DATA SUPPLIED START

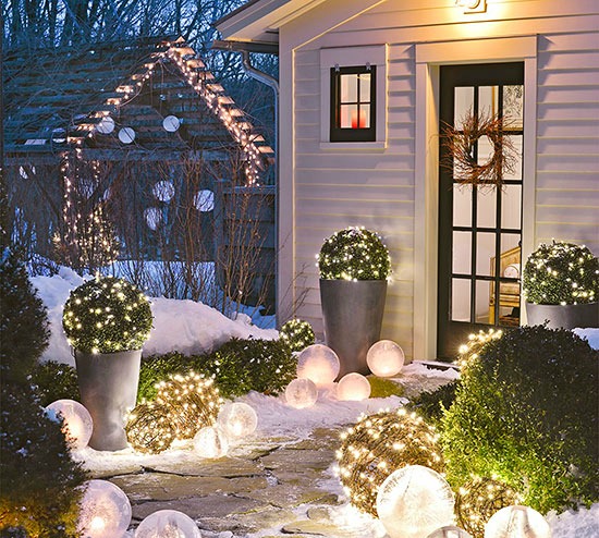 Create an enchanting entrance for the season by lining a walkway with grapevine balls and boxwood spheres with lights. Decorate with orbs in varying sizes to enhance the path’s whimsical appeal.
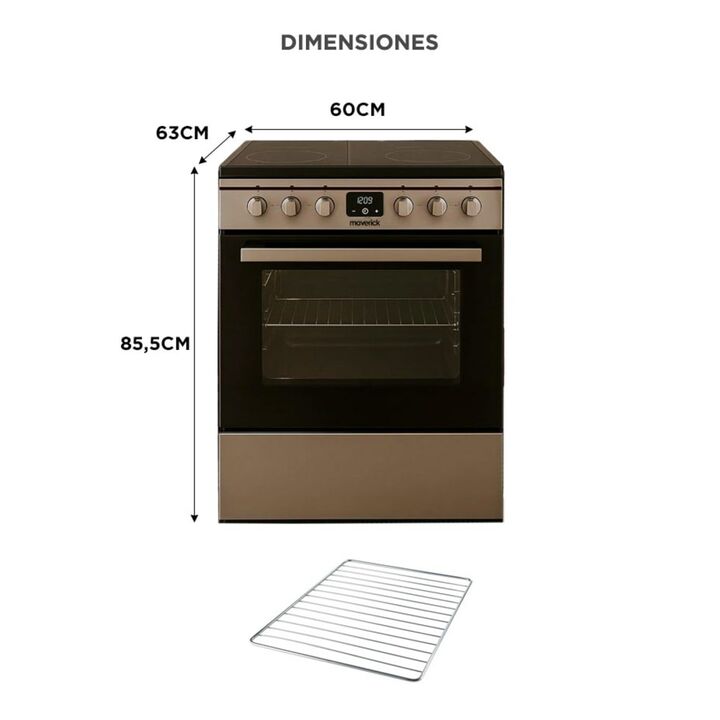 Cocción profesional todos los días: La cocina eléctrica Maverick 60 cm combina un diseño moderno con un rendimiento superior. Su anafe vitrocerámico y su horno con convección permiten lograr resultados parejos y consistentes en cada preparación, desde recetas simples hasta platos gourmet. Anafe vitr...
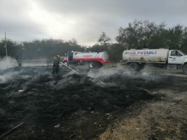 El incendio ocurrió cerca de las seis de la mañana en una llantera ubicada a cuatro kilómetros de la ciudad, a un costado de la carretera Rioverde-Valles, a la altura de la comunidad de Miguel Hidalgo, cuyas llamas alcanzaron las líneas de alta tensión.
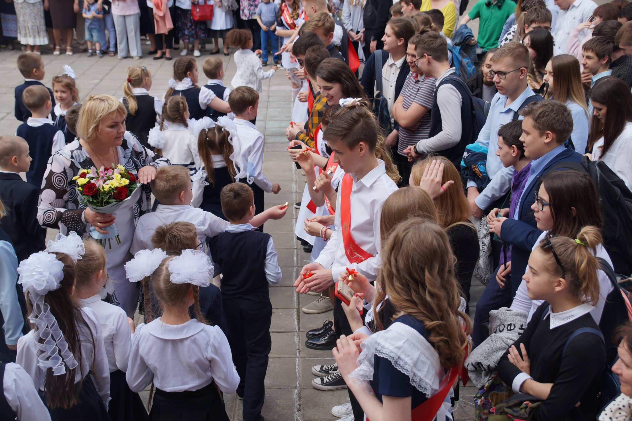 Ученикам 11 класса предложите развлечение, показывающее как они узнали друг друга за одиннадцать лет, проведенных вместе? Если соревноваться будет одновременно несколько классов, предложите капитанам (выбранным от каждого класса) «найти своих» с завязанными глазами по какому-либо признаку (произнесенный звук А, или пощупав прическу, сумку, часть одежды). Внутри одного класса можно узнавать друг друга по единственной части тела (палец, рука, нога, ухо, локон волос). Практика показывает, что такое развлечение со смехом вспоминается еще несколько дней после первого звонка.
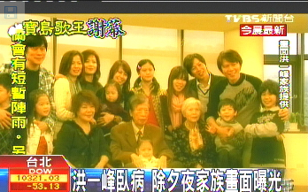中新网2月26日电 据TVBS报道,宝岛歌王洪一峰,日前因胰脏癌病逝。25日晚间,他的家人提供了除夕当天晚上,家族全部聚一起到病床前,连日本的妹妹都赶回来,和洪一峰一起迎新年的画面。这也是从去年底,洪一峰住进医院到过世以来,唯一曝光的画面。
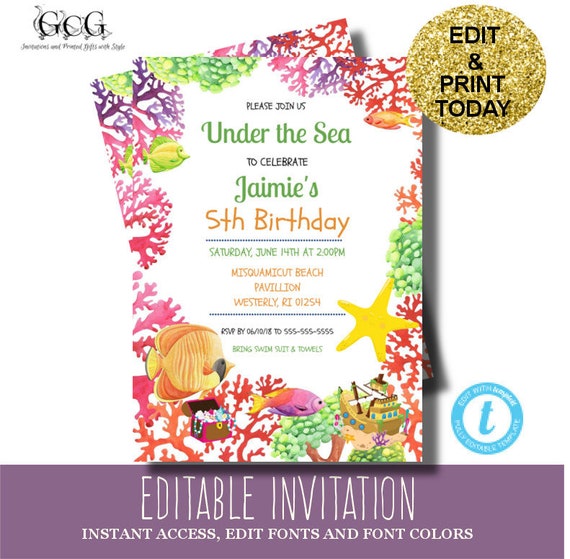 Under the sea is one of the birthday party ideas kids party themes for girls girls birthday party ideas birthday party ideas for girls birthday party themes girls birthday themes with more success as almost any princess birthday party or princess partyits also one of the nicest kids party themes party theme ideas or party ideas no matter if its not a birthday party. Free printable downloadable invitations templates for your next awesome party. Share facebook twitter google reddit whatsapp pinterest email. These mermaid under the sea templates are easy to customize personalize and make great unique birthday invitations.
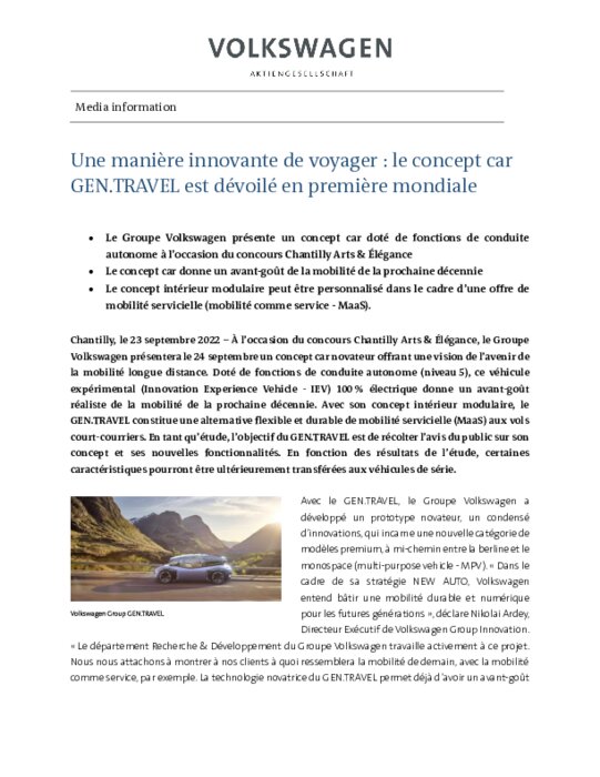 À l’occasion du concours Chantilly Arts & Élégance, le Groupe Volkswagen présentera le 24 septembre un concept car novateur offrant une vision de l’avenir de la mobilité longue distance. Doté de fonctions de conduite autonome (niveau 5), ce véhicule expérimental (Innovation Experience Vehicle - IEV) 100 % électrique donne un avant-goût réaliste de la mobilité de la prochaine décennie.
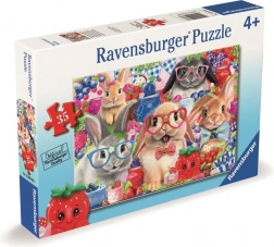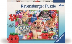 Objevte kouzelný svět zvířátek s puzzle RAVENSBURGER Zajíčci a lesní ovoce. Díky 35 pevným dílkům je skládačka skvělá pro děti, které si chtějí zlepšit jemnou motoriku, trpělivost a vizuální vnímání. Po složení vznikne obrázek o rozměru přibližně 26 × 18 cm.
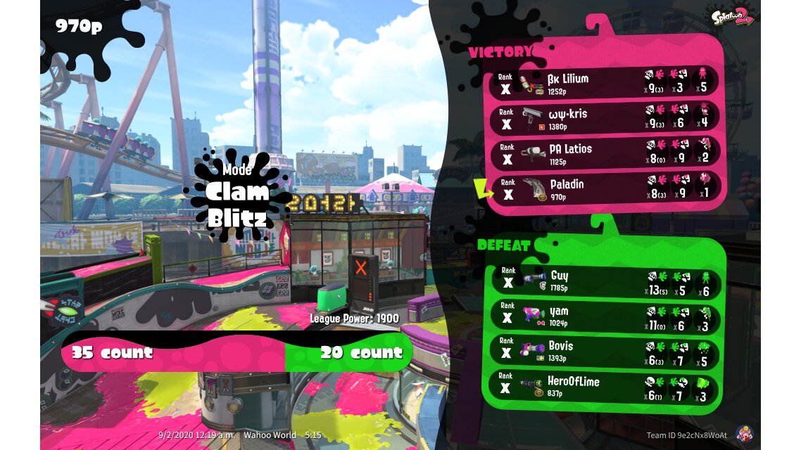 | Mode | Clam Blitz - League Battle (Quad) | |||||||||||||||||||||||||||||||||||||
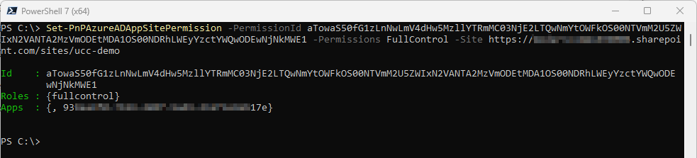 CopyPnP.PowerShellSet-PnPAzureADAppSitePermission -PermissionId <LongString> -Permissions FullControl -Site https://<tenant-name>.sharepoint.com/sites/<ucc-name>
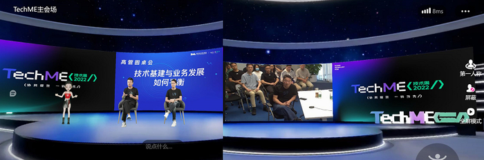 与此同时,本次大会还实现了深圳与广州两个异地分会场的实时互动:观众能在虚拟会场中通过大屏幕看到广州分会场的嘉宾,而在深圳XR绿幕摄影棚的嘉宾则会出现在屏幕前的舞台上。为了规避延迟问题,会场通过对齐GOP等技术处理,将时延差缩小到了1-3秒,确保两地嘉宾顺畅交流,成功开启一场“同空间、跨次元”的交流盛会。
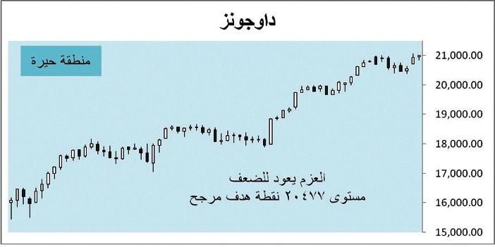 أغلق مؤشر الداوجونز الأسبوع الماضي على نمط شرائي ضعيف عند 21006 نقطة داخل منطقة حيرة وبعزم ضعيف وتوقف عن تسجيل قمة تاريخية جديدة، وكانت شهية المخاطرة قد تراجعت في أسواق الأسهم الأمريكية إلا أنها كانت السوق الأفضل بعد هبوط كبير لخامات النفط والعملات خصوصاً الدولار مقارنة بالأسابيع الماضية منذ بداية العام ويتضح أن الأسبوع القادم يميل للهبوط إلى مستوى 20477 نقطة بنمط بيعي قوي.

DATA SUPPLIED END

- INSTRUCTIONS FOR THE TASK:
Taking the records above, print only and exactly the lines from the line with "El incendio ocurrió" to the line with "中新网2月26日电 据TVB", both kept, and exclude pictures.

- ANSWER:
 El incendio ocurrió cerca de las seis de la mañana en una llantera ubicada a cuatro kilómetros de la ciudad, a un costado de la carretera Rioverde-Valles, a la altura de la comunidad de Miguel Hidalgo, cuyas llamas alcanzaron las líneas de alta tensión.
 Ученикам 11 класса предложите развлечение, показывающее как они узнали друг друга за одиннадцать лет, проведенных вместе? Если соревноваться будет одновременно несколько классов, предложите капитанам (выбранным от каждого класса) «найти своих» с завязанными глазами по какому-либо признаку (произнесенный звук А, или пощупав прическу, сумку, часть одежды). Внутри одного класса можно узнавать друг друга по единственной части тела (палец, рука, нога, ухо, локон волос). Практика показывает, что такое развлечение со смехом вспоминается еще несколько дней после первого звонка.
中新网2月26日电 据TVBS报道,宝岛歌王洪一峰,日前因胰脏癌病逝。25日晚间,他的家人提供了除夕当天晚上,家族全部聚一起到病床前,连日本的妹妹都赶回来,和洪一峰一起迎新年的画面。这也是从去年底,洪一峰住进医院到过世以来,唯一曝光的画面。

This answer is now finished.